宴会出现骚乱之后,千织让周围的人群散开一些,给发病的伯爵夫人空出一个可以呼吸的空间。
他蹲在伯爵夫人身边,快速检查:
脉搏快而弱,呼吸浅促,唇色发绀,意识模糊。
他解开夫人过于紧束的领口和束胸带,这个动作引来几声压抑的惊呼,但千织没有理会,只是冷静的让伯爵夫人平躺,头部略抬高。
“夫人有心绞痛或心脏病史吗?”
他抬头问那位吓坏了的女伴。
“有……有心悸,医生说心脏不好……药……她的药在包里……”
女伴语无伦次。
另一位夫人已经翻出了一个小药瓶,颤抖地递过来。
千织接过来迅速查看标签
——硝酸甘油片,这个时代治疗心绞痛的常用药。
他取出一片,放在伯爵夫人舌下。
同时,他握住夫人的手腕,持续监测脉搏,另一只手轻按她的颈动脉,观察瞳孔反应。
时间一分一秒过去,大厅里鸦雀无声,所有人都屏息看着这位年轻的继承人在众目睽睽之下进行急救。

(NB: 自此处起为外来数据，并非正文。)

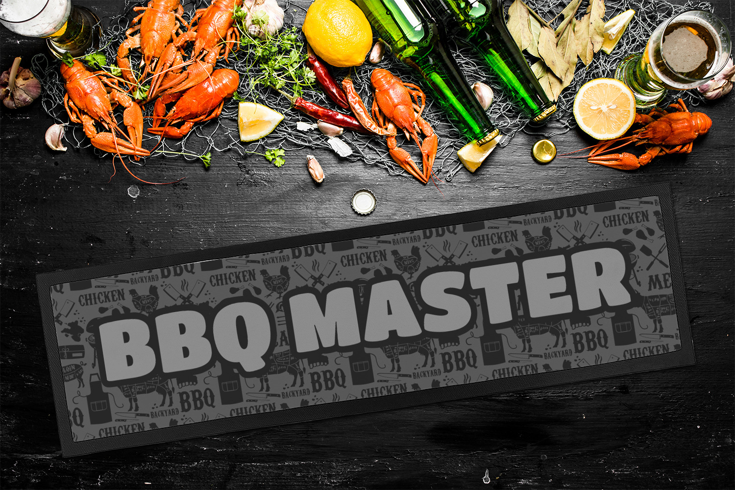 This design features pigs, cows, grills, and more on a simple grey background. There are wonderful contrasting reds, oranges, and charcoals in this manly design. The ribbon across the middle fits your personalization right in the middle.
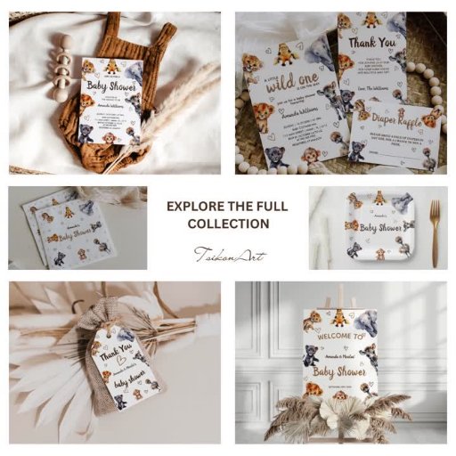 Safari Animal Baby Shower diaper raffle card is a delightful ensemble featuring charming watercolor illustrations of various adorable jungle animals: giraffe, elephant, lion, tiger, ostrich, zebra, and monkey, all rendered in soft and vibrant watercolor tones. Each animal brings a touch of whimsy and playfulness to the celebration, making it perfect for a jungle-themed baby shower.

烛光下,千织的侧脸沉静专注,青绿色的眼眸低垂,所有注意力都集中在病人身上。
他的手很稳,动作精准,没有丝毫慌乱。
慢慢地,伯爵夫人的呼吸逐渐平稳下来,脸上的痛苦神色减退,眼睛也缓缓睁开。
她有些茫然地看着四周,最终目光落在千织脸上。
“……水……”
她虚弱地说。
千织示意仆人端来温水,小心地喂她喝了一小口。
然后他才站起身,对赶来的坎特米尔宅邸医师快速交代了情况:
“硝酸甘油已服用,初步缓解。分,呼吸平稳。建议接下来静卧观察,监测心率和血压。”
宅邸医师是位经验丰富的老先生,他检查了伯爵夫人后,向千织投去赞赏的一瞥,然后指挥仆人用临时担架将夫人抬往安静的客房休息。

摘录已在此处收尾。